Family Ties

THE family that rides and gets dirty together stays together.
Well, that is what I am telling my wife as we sell the 50cc and purchase a TTR110 for daughter number two. Growing also means a new helmet, armour and it goes on.
Oh well.

Many of us started riding trail bikes at a young age and for me I certainly remember loving it from age eight.
The big difference is I used to ride off into the bush and basically only return when I ran out of petrol or the sun was going down.
My old man would make it very clear that I better not be starting my bike up and riding it before I get to the bush.
And he meant it.

I guess there are many reasons why this has changed.
So here begins a little yarn of the logistics involved when I announced to my family that we would be taking the bikes out on the weekend. The three of them, all females inform me they were going to the pool. It’s Friday afternoon. I decide to sit down, have a couple of adult beverages and plan my next move.
I dig out the bikes from my overcrowded shed. Basic look over, check tyres, give them a kick.
So far, so good.

Suddenly it is quite late. There is stuff all over the shed. My wife wants to put her car in and she makes an observation regarding my sobriety. Oh no I must be tired and I forgot to eat tea. I better go to bed. Next day up early. I drag the box trailer around and load three bikes in. Tie downs everywhere. I wish I had a bigger trailer, shed and wallet. I throw in the BBQ and we are off.
I let a couple of mates know where we will be riding which for the record would be private property or a motorcycle club.
Like I said things have changed. Coffee stop on the way which annoys the family, but I also mention the bikes need fue…whoops.

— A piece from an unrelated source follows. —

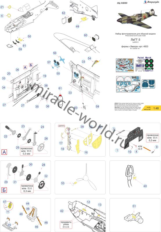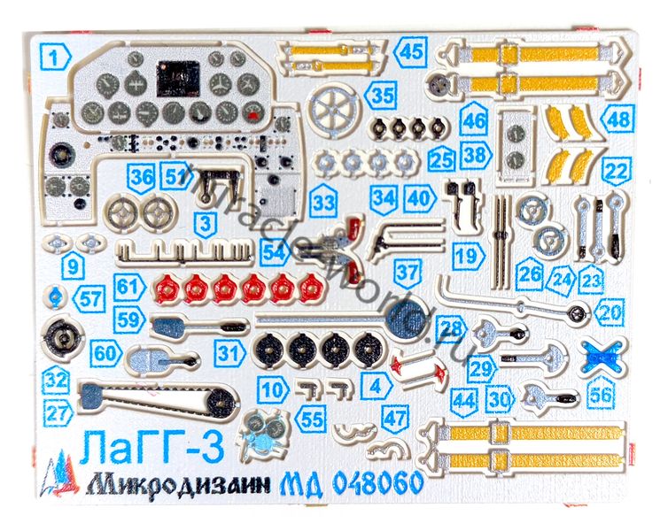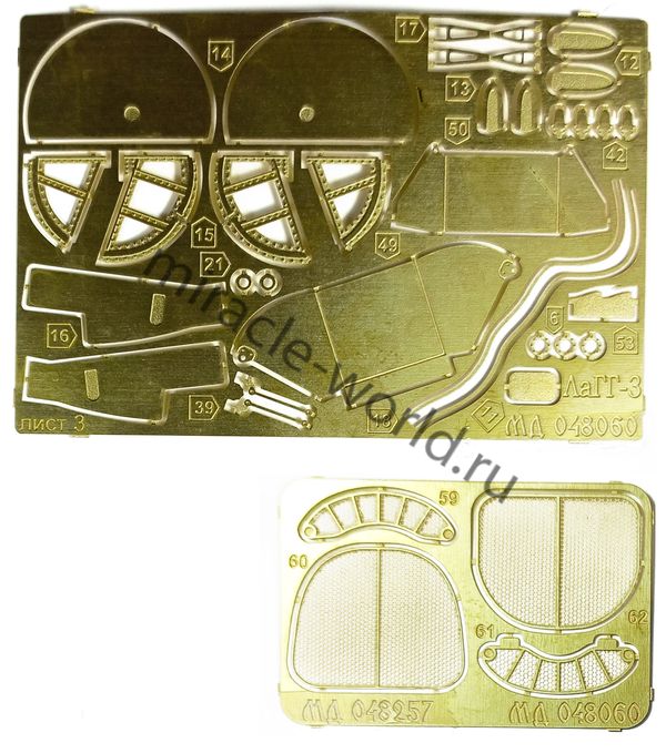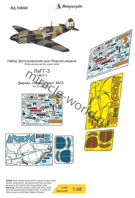 Микродизайн 048060 Набор цветнонго фототравления на ЛаГГ-3 от Звезды. Масштаб 1:48. Материал: латунь 0,15 мм. Набор комплектуется 3 пластинами фототравления (в том числе цветной платой интерьера кабины) и полноцветной инструкцией. Количество уникальных деталей 71. Уровень сложности: средний.

We finally arrive and the call goes out, “Hurry up dad, get the bikes off.” I just manage to avoid having the biggest off whilst unloading the bikes. That would have been embarrassing. One of my mates, who is 30 odd, was out for his first ride on his new TTR250.
He is a regular road rider and wants to enhance his skills with some trail riding, which I think is a great idea.
Finally we line up for the race start, five Yammies and one Honda. The latter is ridden by daughter number one and is a 30 plus year old XR80. Gees I love this bike. It takes me back to days where I sold my Kirby and dad bought me a gun metal grey XR75.
What a bike. Seems I was talking and missed my wife’s signal, so in the photo it appears that I was last off the line. But what a day we had. I had a few rides with the kids who did not stop all day and a couple with my mates.
Smiles all round.

The only little piece of carnage to report was a Pee Wee 50 going into a deep puddle.
And this little fella just kept hitting those puddles all day, without any fear. It was fantastic.
It appears both my daughters were trying to clean up the wet and muddy trails by putting their bikes in every available mud hole.
At one stage I had my front wheel buried almost to the mudguard. Yes I stayed on, but I had to physically drag it out of the rut from hell.
You gotta love it.

My wife cooked a lovely BBQ and our six month old dog was almost taken by a huge Goanna. Educational-wildlife. Another box ticked. Load up, drive home, unload and begin several hours of cleaning. Just when I thought I was about to hit the wall, my lovely wife enters stage left with a cool adult beverage in hand.
Don’t mind if I do, thanks very much.

Bit of a debrief with the girls how we carved everyone else up.
Much later, around 8pm I was continuing these thoughts absolutely smashing my mates on the trails when I feel someone touching my arm.
I awake from daddy slumber to look at my 9-year-old who says, “Thanks for a great day dad, can we go again tomorrow?”
My eyes start to close and I reply, “Goodnight honey, ask your mother.”